By “lawn” here, I mean a monoculture of grass cut less than two inches high, kept green with staggering resources and force of will. This landscaping choice originated with the British gentry and then proliferated by a mass advertising campaign that convinced Americans that having the leisure and money to maintain a uniformly green yard was aspirational. 

In recent years, the lawn has been losing its grip on the American psyche, especially in areas where rivers are drying up and water bills are rising. For many years, the city of Las Vegas has been paying people to rip up their lawns and replace them with more regionally appropriate plants, and last year the state of Nevada started banning lawns outright. Water agencies around the Colorado River have taken pledges to stop pouring their gallons into decorative grass. The Million Pollinator Garden Challenge, which registers bird- and insect-friendly spaces, surpassed its million-registration goal in 2019. 

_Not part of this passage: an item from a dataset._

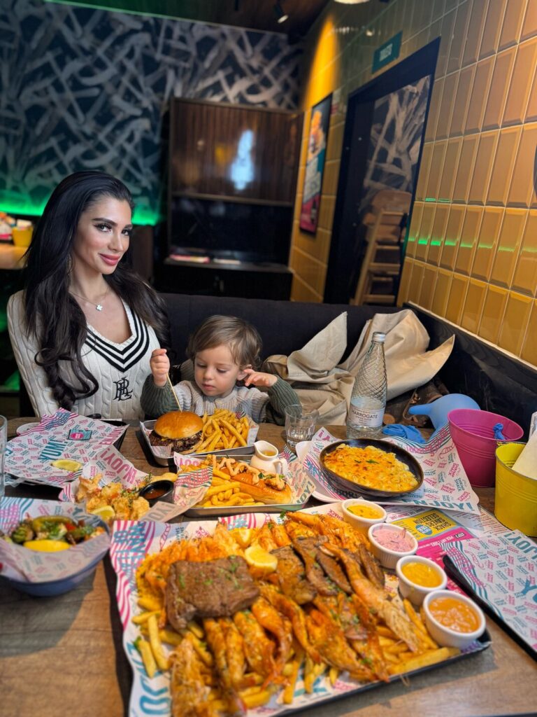 Our table made the most of it. Joe went straight for the Surf & Turf — an 8oz wagyu steak paired with four prince shrimps — and declared it one of the best-value plates he’d had in ages. My wife opted for the Grilled Salmon with prince shrimps, beautifully cooked and seasoned with a precision that surprised us all. I chose the Battered Fish & Shrimps, a golden, crisp, deeply satisfying plate that tasted like it had come straight from a seaside shack rather than a bustling London high street. Even Xavier, who is currently in his “throw food before eating it” phase, paused long enough to enjoy a few bites of perfectly seasoned fries.

Replacing a life-sucking, arbitrary landscaping option with a more sustainable and bustling garden might seem like an obvious win for homeowners, wildlife, and city governments. But there’s another organization that budding environmentalists might forget to consult: an unpaid pseudo-government of neighbors, otherwise known as homeowners associations. 

Homeowners associations began in the early 20th century and gained power from the 1960s onward as local governments lost tax revenue and loosened zoning restrictions. Developers stepped in to provide services that would normally be the responsibility of the city, such as streets, security, landscaping, and public pools, according to Paula A. Franzese, a law professor at Seton Hall Law. Once the people who build the homes sell them off, they pass responsibility to either volunteers, hired contractors, or management companies, which are more prominent in large, wealthy neighborhoods that have a lot of services to maintain. 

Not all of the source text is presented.